Italian Sausage Soup
Lou Ann Tooker
1 pound Italian sausage
1 cup chopped onions
2 cloves sliced garlic
5 cups beef broth
½ cup water
½ cup dry red wine (or water
2 cups tomatoes or 16 oz. can)
1 cup thinly sliced carrots
½ teaspoon basil
½ teaspoon oregano
1 (8 oz) can tomato sauce
1 ½ cups sliced zucchini
8 oz. small ravioli or noodles
3 T. chopped parsley
1 medium chopped green pepper
Grated parmesan cheese
In 5 quart Dutch oven, brown sausage (no casings).

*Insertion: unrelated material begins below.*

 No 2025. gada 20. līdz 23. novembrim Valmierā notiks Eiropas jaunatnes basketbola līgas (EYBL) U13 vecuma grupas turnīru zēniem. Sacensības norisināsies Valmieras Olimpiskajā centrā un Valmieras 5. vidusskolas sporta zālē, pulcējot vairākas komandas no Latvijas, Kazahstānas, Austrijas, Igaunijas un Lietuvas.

Remove from Dutch oven and drain, reserving 1 Tablespoon drippings in Dutch oven. Saute’ onion and garlic in drippings until tender. Add beef broth, water, wine, tomatoes, carrots, basil, oregano, tomato sauce and sausage. Bring to boil. Reduce heat and simmer uncovered 30 minutes. Skim fat from soup. Stir in zucchini, noodles, parsley and green pepper. Simmer covered another 35 minutes or until noodles are tender. Sprinkle parmesan cheese on top of each serving. Makes 8 (1 ½ cups) servings.